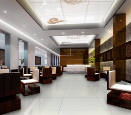 Imagen de un catálogo físico en el que se ha realizado la integración de un suelo con brillos en un restaurante. La gran cantidad de puntos de luz obliga a prestar mucha atención a los reflejos de luz y las diferentes sombras creadas por esos focos de luz.
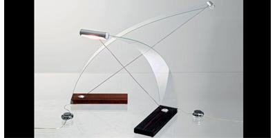 Table lamp with base in extra-clear glass 19mm thick and stand in flexible glass 0.8mm thick. Lighting component in polished aluminium with LED, warm lighting. Height adjustment through a transparent cable on a mechanic-spring- button.
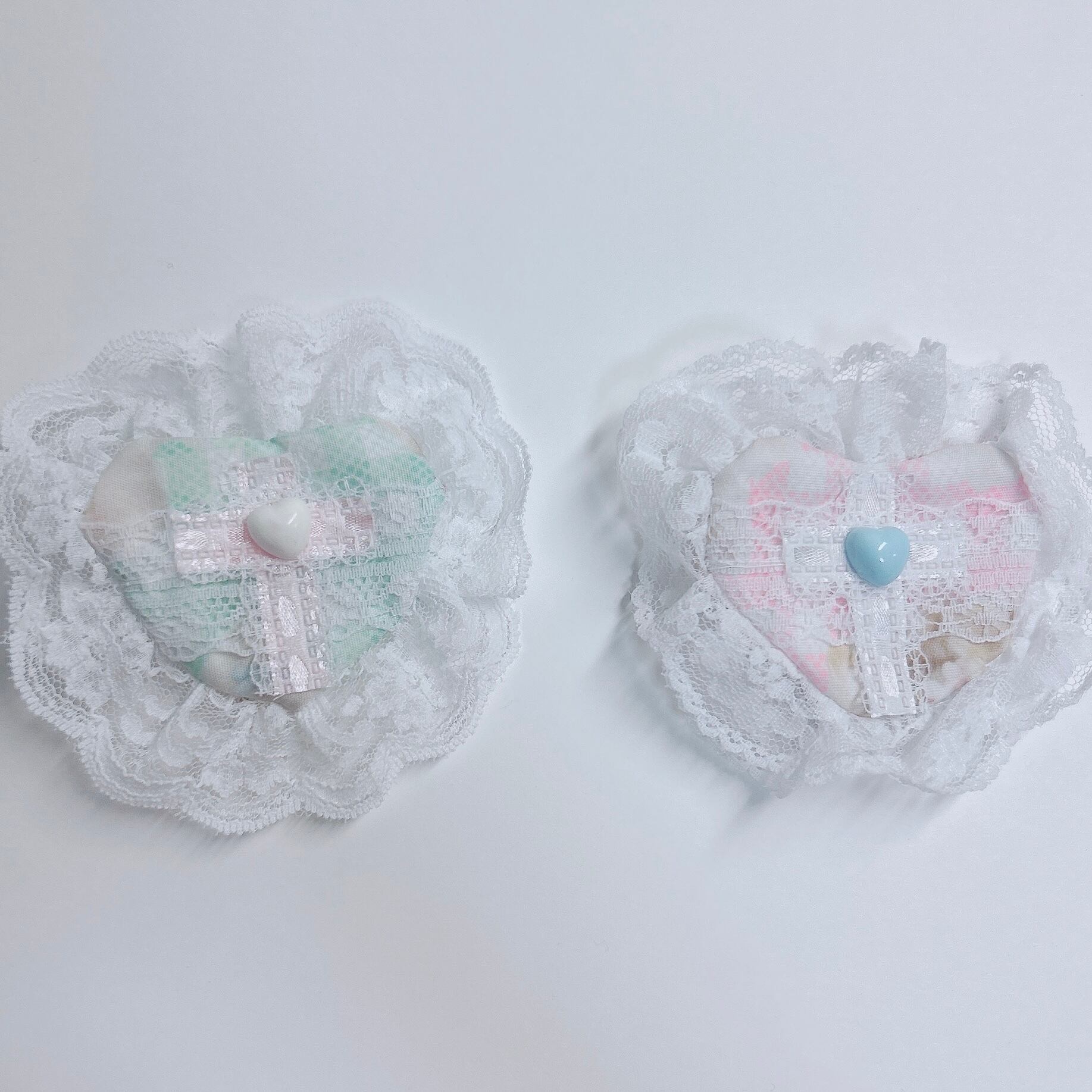レースいっぱいハート十字架ヘアピンです^> ·̫ <^
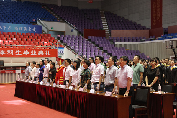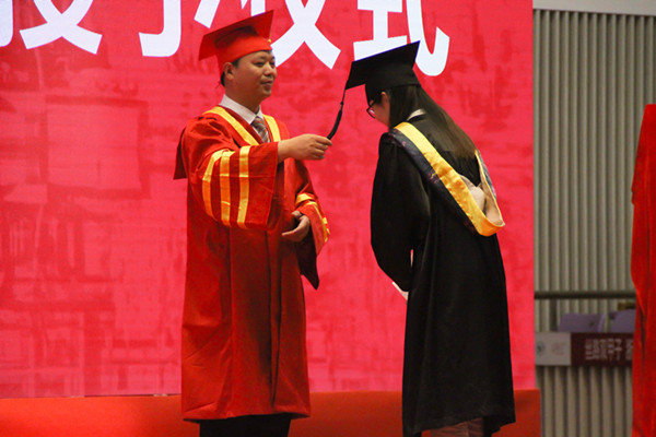 毕业典礼在庄重的国歌声中拉开序幕。在同学们的热烈欢迎中,陈文兴一一为毕业生拨穗并授予学位证书。

════════════════════

→ **YOUR INSTRUCTIONS**: With pictures excluded, output the listing above exactly as it stands.

→ **COMPLETED TASK**:
 Imagen de un catálogo físico en el que se ha realizado la integración de un suelo con brillos en un restaurante. La gran cantidad de puntos de luz obliga a prestar mucha atención a los reflejos de luz y las diferentes sombras creadas por esos focos de luz.
 Table lamp with base in extra-clear glass 19mm thick and stand in flexible glass 0.8mm thick. Lighting component in polished aluminium with LED, warm lighting. Height adjustment through a transparent cable on a mechanic-spring- button.
レースいっぱいハート十字架ヘアピンです^> ·̫ <^
 毕业典礼在庄重的国歌声中拉开序幕。在同学们的热烈欢迎中,陈文兴一一为毕业生拨穗并授予学位证书。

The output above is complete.